- Born: Harare, Zimbabwe
- Occupation: Entrepreneur
- Years active: 2004 - present
- Known for: Entrepreneurship, Presidential Investment Advisor
- Notable work: First social media application in Zimbabwe

= Tempter Paul Tungwarara =

Zimbabwean entrepreneur

Tempter Paul Tungwarara is a Zimbabwean entrepreneur. He is the founder and chairman of Prevail International Group of Companies, which is registered in Dubai. He is also a Presidential Investment Advisor, as well as founder of Talk and Pay (TAP), the first Zimbabwean-owned social media chat platform.

== Early life ==
Tempter Paul Tungwarara was born in Harare, Zimbabwe.

== Career ==
He is the founder and chairman of the Prevail International Group of Companies, which encompasses various enterprises, including Paulo Construction a construction firm specializing in various civil engineering projects, Prevail Shipping, providing shipping and logistics services, Prevail Mining which operates Prevail International Quarry Mine, located in the mining town of Buhera and Prevail Boreholes which spearheads the Zimbabwe Presidential Borehole Scheme, which aims to drill 35,000 boreholes across Zimbabwe to improve water access.

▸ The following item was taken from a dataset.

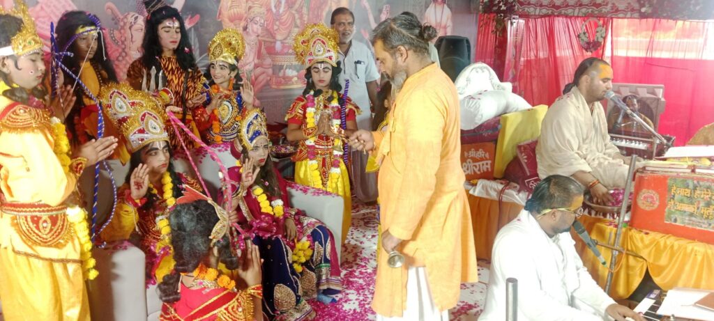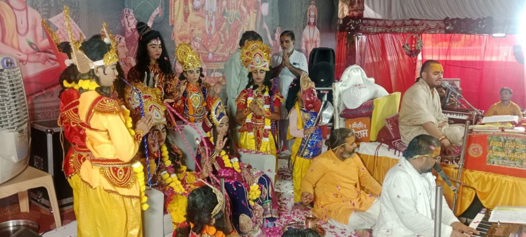 नोखा यहाँ श्री कृष्ण मंदिर परिसर में 22 से 30 सितम्बर 2025 तक दो पारियों में विद्धवान पंडित गोपीरामजी महाराज के सानिध्य में आयोजित 9 दिवसीय श्रीरामचरित मानस के सामुहिक पाठ मंगलवार को सम्पन्न हो गया। कथा व्यास जी द्वारा अपनी अमृत मयी मधुर वाणी में किया गया पाठ व इससे पूर्व की गई श्रीमद भागवत कथा को लेकर धर्मप्रेमी श्रद्धालू भाव विभोर व मंत्रमुग्ध हो गये। और श्रीराम कथा सुनने की कामना करने लगे पाठ के अंतिम दिन मंगलवार को नोखा के झांकी कलाकार भवानी परत्ताणी द्वारा श्रीराम दरबार की अति सुन्दर आकर्सित मनमोहक संजीव झांकी की प्रस्तुती दी जिसे देख कर कथा व्यास गोपीराम महाराज सहित बड़ी तादाद में उपस्थित नर-नारी दर्शकश्रोता मंत्र मुग्ध हो गये झाखी में श्रीराम, लक्ष्मन, भरत, शत्रुधन, सीता, गणेश, शिव, विष्णु, वशिष्ठ को देखते ही सभी हर्षित हो गये और हाथ जोड़ रहे थे। कथा व्यासजी ने पुष्प वर्षा करते हुए हुए नमन किया। इस दौरान पांडाल में उत्साह मनाया गया और माहोल धर्ममय हो गया। महाराज श्री ने 15 से 30 सितम्बर तक 16 दिन आयोजित दोनो कार्यक्रम के आयोजनो, व्यवस्थाओं, कार्यकर्ताओं और धर्म प्रेमी श्रोताओ । की प्रशंसा की और आशिर्वाद दिया। सतसंग समिती नोखा की ओर से पूर्व पालिकाध्यक्ष रामकृष्ण खत्री ने भागवत कथा व रामचरित पाठ दोनो आभोजनों में धर्म प्रेमी श्रोताओं, कार्यकर्ताओ, मीडिया कर्मियो, मंदिर पुजारी, व्यवस्ताओं को सुचारु बनाये रखने वालों, माईक, फोटो ग्राफर आदि सभी का आभार जताया। खत्री ने महाराज का गर्मजोशी से अपनी वाणी में प्रशंसा करते हुए उनका समय-समय पर आभोजन की अनुमति देते रहने के लिए आभार जताया।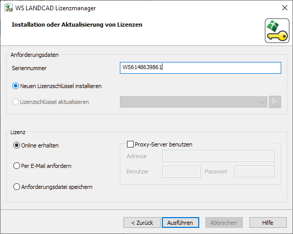 Die Seriennummer, mit der Ihre WS LANDCAD-Version installiert wurde, wird i. d. R. selbstständig ermittelt. Falls dies nicht der Fall sein sollte, geben Sie bitte die Seriennummer in das dafür vorgesehene Feld unter den Anforderungsdaten ein. Anschließend wählen Sie bitte eine der folgenden Methoden, um die Lizenz auf Ihrem Rechner zu aktivieren:

In 2024, following the success of the Presidential Borehole Scheme, Tungwarara was further commissioned to spearhead Presidential Internet Scheme for rural homes, Presidential Home Industries Project and Presidential Solar Scheme for at least 400 homes and feeding into the national power grid.

Tungwarara is also known for the establishment of TalkChart which then rebranded to Talk and Pay Communications and Finance in 2024, the first Zimbabwean-owned social media chat platform. Talk and Pay is designed to facilitate free global communication, allowing users to connect with friends and family as well as do transactions and flight bookings.

In recognition of his contributions to the investment landscape in Zimbabwe, Dr. Tungwarara serves as a Presidential Investment Advisor for President Emmerson Mnangagwa’s second republic. In 2022, he was awarded V.I.P membership status by the CEO Clubs Network Worldwide International Business Organisation, where he acts as an ambassador for Zimbabwe.

In 2022 he partnered Mulk Holdings for a US$500 Million Cyber City project in Zimbabwe which is owned by Dubai billionaire Shaji Ul Mulk.

== Recognition ==
In 2024, Tungwarara was awarded the Overall Top Investor in the Diaspora Award at the Africa Investment Leaders Forum and Awards.